Under the skin of this ordinary looking people-mover is what its developers label as extraordinary – 248 solar cells that can fully recharge its lithium-ion battery pack or, in other words, effectively refuel itself. That is as long as it’s parked under the sun.
It’s the Sion, a five-seat, 4900mm-long, battery-electric MPV built by German start-up Sono Motors at the former Saab factory in Trollhattan, Sweden. Sion is a Hebrew word meaning ‘highest point.’
Sono Motors is based in Munich and backed by National Electric Vehicle (NEVS), a Chinese company, which in 2012 took over the assets of Saab from its owner General Motors.
The Sion is expected to go into production in 2021, with first deliveries in 2022. Price, according to European reports, will be euros 25,500, or around $NZ45,500. The plan is to produce 260,000 Sions over eight years.
The car doesn’t just depend on solar power for energy – recharging can be done conventionally. A full 50kW DC CCS fast charge will take 30 minutes for an 80 per cent fill, an 11kW Type 2 full charge will take 3.5 hours and a 3.5kW household supply will take 13 hours.
Sion’s extruded aluminium spaceframe structure is cloaked in 248 solar cells embedded in polymer panels. They are up to 20 per cent lighter than equivalent steel and also yield between 200 and 220 watts per square metre compared to about 180 w/sqm for flexible and glass-backed photovoltaic cells.

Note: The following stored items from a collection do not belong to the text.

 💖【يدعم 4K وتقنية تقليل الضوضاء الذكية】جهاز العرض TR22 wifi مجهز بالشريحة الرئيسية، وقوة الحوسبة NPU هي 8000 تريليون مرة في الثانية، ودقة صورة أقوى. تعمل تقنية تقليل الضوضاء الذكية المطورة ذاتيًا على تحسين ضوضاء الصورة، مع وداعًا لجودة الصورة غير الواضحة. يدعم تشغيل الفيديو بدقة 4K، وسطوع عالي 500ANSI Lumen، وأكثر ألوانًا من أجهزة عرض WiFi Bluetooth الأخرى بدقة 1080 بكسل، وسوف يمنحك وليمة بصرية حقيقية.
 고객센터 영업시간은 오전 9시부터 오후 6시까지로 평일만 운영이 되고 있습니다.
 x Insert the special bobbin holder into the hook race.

Studies on a fine summer’s day in Munich, says Sono Motors, show the parked Sion will charge at between 4.5 and 5kWh, giving a free 34km of range. But on a gloomy winter’s day in December, it will struggle to deliver more than an extra 3km.
The water-cooled, 35kWh battery contains 192 lithium-ion cells in 16 modules and, like pretty much every EV, is mounted as a flat slab in the floor. The battery is warranted for two years, 100,000km and 2000 recharges. The vehicle itself also has a two-year warranty.

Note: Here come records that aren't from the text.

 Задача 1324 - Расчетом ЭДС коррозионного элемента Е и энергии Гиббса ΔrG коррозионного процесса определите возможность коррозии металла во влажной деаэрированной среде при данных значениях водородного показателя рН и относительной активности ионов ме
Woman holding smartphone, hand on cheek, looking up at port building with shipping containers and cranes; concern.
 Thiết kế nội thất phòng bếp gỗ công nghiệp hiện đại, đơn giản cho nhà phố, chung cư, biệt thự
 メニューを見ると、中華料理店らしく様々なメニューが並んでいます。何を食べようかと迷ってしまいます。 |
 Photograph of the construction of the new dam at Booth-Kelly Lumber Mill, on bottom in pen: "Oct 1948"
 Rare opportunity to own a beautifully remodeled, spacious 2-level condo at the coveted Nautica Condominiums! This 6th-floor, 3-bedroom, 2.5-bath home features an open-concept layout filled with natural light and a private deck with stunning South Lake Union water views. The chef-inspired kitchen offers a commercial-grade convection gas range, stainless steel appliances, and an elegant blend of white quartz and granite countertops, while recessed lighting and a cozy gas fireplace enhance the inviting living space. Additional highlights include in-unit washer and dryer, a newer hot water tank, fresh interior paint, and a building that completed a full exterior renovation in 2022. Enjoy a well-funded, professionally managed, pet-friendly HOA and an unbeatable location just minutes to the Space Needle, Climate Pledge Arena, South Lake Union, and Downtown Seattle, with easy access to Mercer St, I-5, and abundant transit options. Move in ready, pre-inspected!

An AC synchronous motor delivering 120kW/270Nm drives the front wheels and propels the 1.4-tonne Sion from 0-100km/h in under nine seconds and on to a top speed of 140km/h. The maximum towing weight is 750kg. Maximum range on a full charge is 260km.
Sion will be available in one exterior colour – matt black. Sono Motors founder Laurin Hahn says the one colour saves considerable amounts of energy.

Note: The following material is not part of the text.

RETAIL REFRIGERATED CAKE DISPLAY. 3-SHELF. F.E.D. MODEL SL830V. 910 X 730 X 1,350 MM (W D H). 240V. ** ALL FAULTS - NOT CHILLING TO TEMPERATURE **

“Over 70 per cent of energy in a car plant is used in the paint area,” he says. “You have to heat the entire paint shop to between 70 and 90 degrees to make the paint dry.”
Having no paint shop also means no drying time, no refinishing costs, no production hold-ups, no pricey robots, no harmful solvents released in the atmosphere and no more expensive car-park scrapes.
Sono Motors intends to market Sion without a dealer network. It will release a full maintenance manual so private garages can service the car, but for high voltage repairs Sono will team up with a European service provider. A phone app allows sharing of the car and rides.